Ok - so how do these software systems that supposedly measure
transmission losses so as to "predict" back to the flywheel bhp work.
The power curve at the wheels is taken in the usual way as explained above.
Then, at peak rpm, the operator puts the car into neutral and lets the rollers
slow down under the drag of the tyres and transmission. The software then
measures this drag (or "coast down loss") as "negative"
power and adds it to the wheel power to get back to the supposed flywheel
power. BUT - and hopefully you've all spotted the problem now - the engine is
not feeding any power into the drivetrain while the car is in neutral - in
fact it isn't even connected to the drivetrain any more!! Whatever drag this is
that's being measured it has nothing at all to do with the proportion of the
flywheel power that gets lost as friction when the engine is powering the car
in the normal way. The engine could now be an 800 bhp F1 engine or a 30 bhp
mini engine for all it matters because it isn't connected to the gearbox or
feeding any power into it. Obviously this "coast down loss" is
something to do with the transmission and tyres but it is not the true
transmission loss - in fact this coast down loss should never be expected to
change for a given car at a particular rpm regardless of how much you tune
the engine whereas a true transmission loss will increase as the engine power
increases because it is dependent to a large extent on the amount of power
being fed into the transmission. I've seen a car that over time was tuned from
90 bhp at the wheels to 125 bhp at the wheels and the "coast down loss"
stayed the same for every power run to within a fraction of a horsepower -
exactly as you would have predicted. As the engine was tuned to give more power
the "true" transmission losses must have also increased to some
extent but these chassis dyno systems don't, and can't, show this happening.
So is there any way of really measuring the true transmission loss
of a car? Yes - only one - by measuring the flywheel power on an accurate
engine dyno, the wheel power on an accurate chassis dyno and taking one away
from the other. There is no way on God's green earth of finding out the true
transmission loss just by measuring the power at the wheels.
So hopefully that's got you all thinking a bit more now instead of
just taking for granted the "flywheel" figure you were given last
time you took your car to the rollers. Even worse is the fact that some of
these software systems allow the operator to just programme in the %
transmission loss he wants the system to add to the wheel figures. So if that
isn't a nice easy way to show some big fat flywheel bhp then I don't know of a
better one. It's certainly a lot easier than actually doing some proper
development work to make the engine perform better - just dial in a bigger
transmission loss and bingo - the same wheel bhp now turns into a bigger
flywheel bhp - happy customer, happy dyno man - just a shame it was all sleight
of hand. See the end of this article if you doubt that this sort of thing
really happens.
So what should you do when you take your car to a rolling road?

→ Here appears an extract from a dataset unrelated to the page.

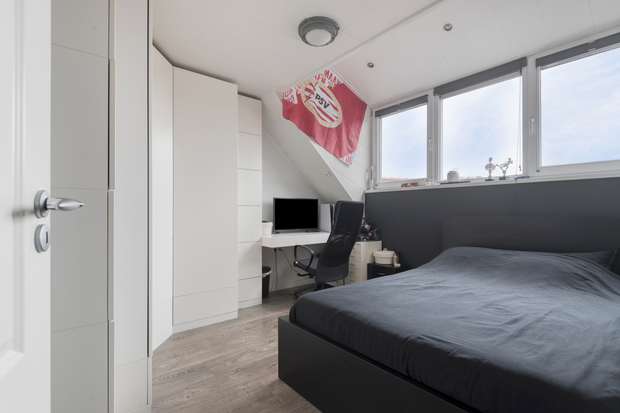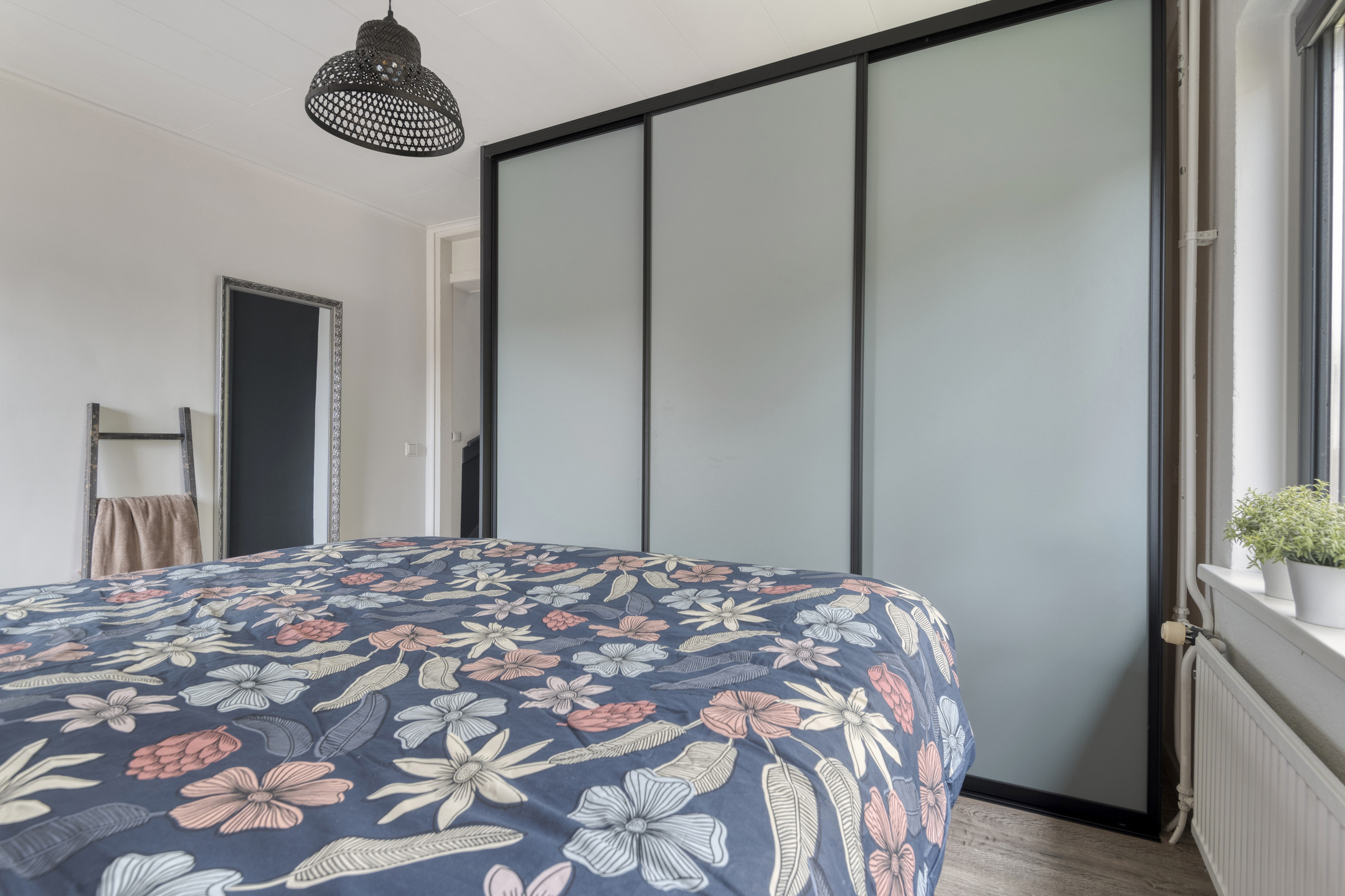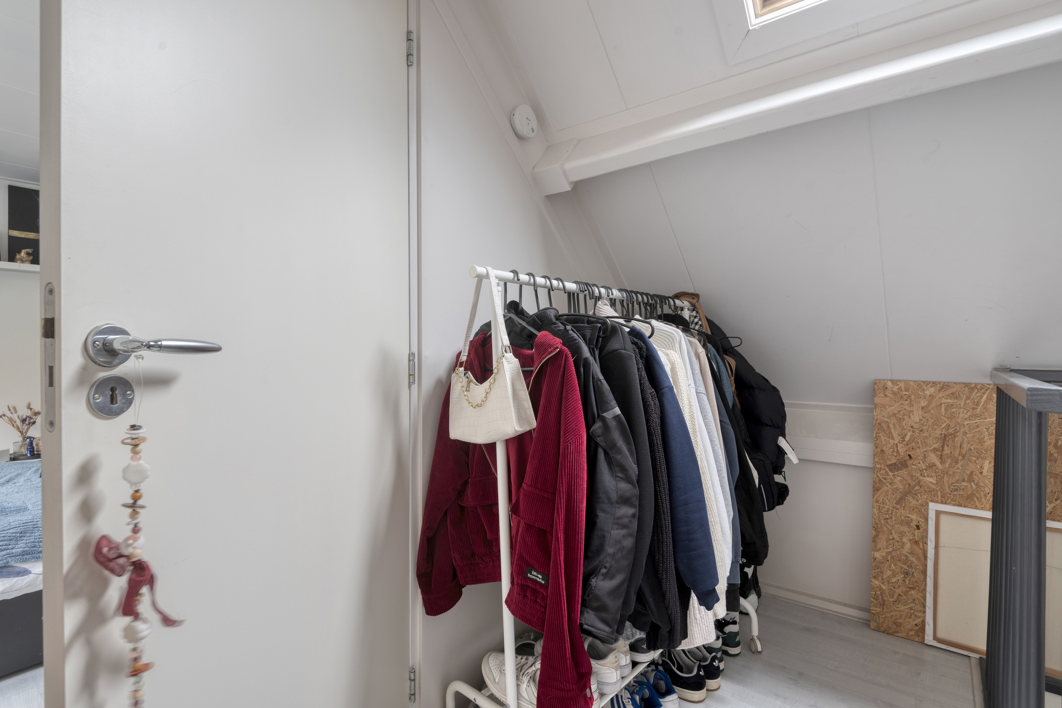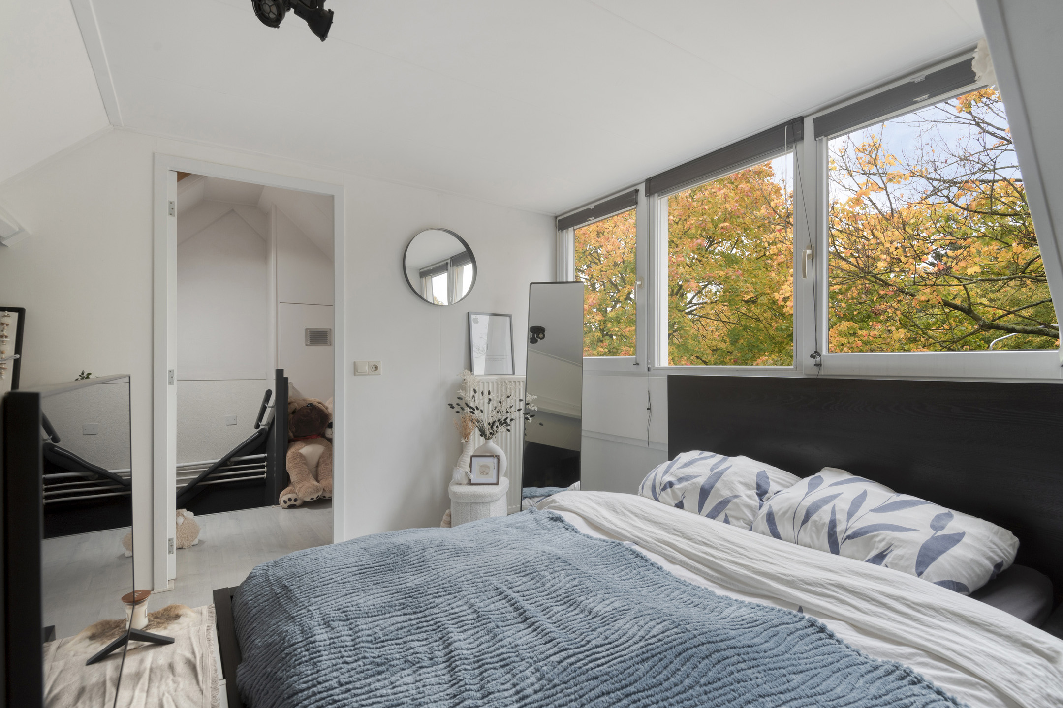 De vaste trap brengt je naar de tweede verdieping, waar een ruime vierde slaapkamer is gerealiseerd. Dankzij het brede dakkapel is deze ruimte verrassend licht en goed bruikbaar als slaapkamer, werk- of hobbyruimte. Op de overloop is de cv-installatie geplaatst en er is volop bergruimte aanwezig achter de knieschotten.

Firstly, make sure you get printouts that show the wheel bhp and not just the
flywheel bhp. Then at least you can see if they look sensible in comparison. If
you have a desperate need to know the flywheel bhp then you will have to
estimate it - there's no other way short of using an engine dyno. The
corrections you need to make for cars with manual gearboxes are these:
The average front wheel drive road car with between 100 and 200
bhp loses about 15% of the engine bhp as transmission losses.
The average rear wheel drive road car with between 100 and 200 bhp
loses about 17% of the engine bhp as transmission losses. The increase in %
loss over front wheel drive is because the differential has to turn the drive
through 90 degrees at the back axle which soaks up a bit more of the engine's
power.
4wd cars will have higher losses because of the extra
differentials and other power transmission components. A reasonable estimate of
an average 4wd car's losses might be 22% to 25% of the flywheel power but it
isn't a subject I have sufficient data on to be definitive.
What your own specific car loses is anyone's guess - yours is as
good as mine - but it shouldn't be far from the figures above. For sure though,
no car in the world, unless it has flat tyres and a gearbox full of sand, loses
anything like 30% of the engine's power in the transmission and tyres as many
rolling road operators would try to have you believe. So take the wheel figure
and divide by 0.85 for FWD or 0.83 for RWD and that will get you as close to
the true engine bhp as you are ever going to know. In general though it is fair
to say that low powered cars have higher % losses than high powered cars. For
example, a 60 bhp Fiesta will have around 14 to 15 bhp total transmission and
tyre loss whereas a 90 bhp XR2 will only have about 17 to 18 bhp loss - a
smaller % obviously. By the time you get to RWD cars with engines in the 300 to
500+ bhp range, losses can eventually drop to as little as 12 to 14% or so.
Another rule of thumb I use which is quite accurate is to treat
the losses as being 10% of the flywheel power plus 10 bhp for FWD and 12% plus
10 bhp for RWD cars. This equation "loads" low powered cars more than
high powered cars which is more closely like what happens in reality.
Remember, these percentages are not "gospel" - they are
good realistic averages. The measured wheel bhp can change depending on tyre
pressure, tyre size, suspension angles and other things which won't affect
flywheel power - so the actual transmission loss % will also change. It pays to
try and standardize as many of these things as possible if you intend to do a
series of power runs over a period of time. Always use the same tyre pressure
because this is a factor which can easily change from day to day.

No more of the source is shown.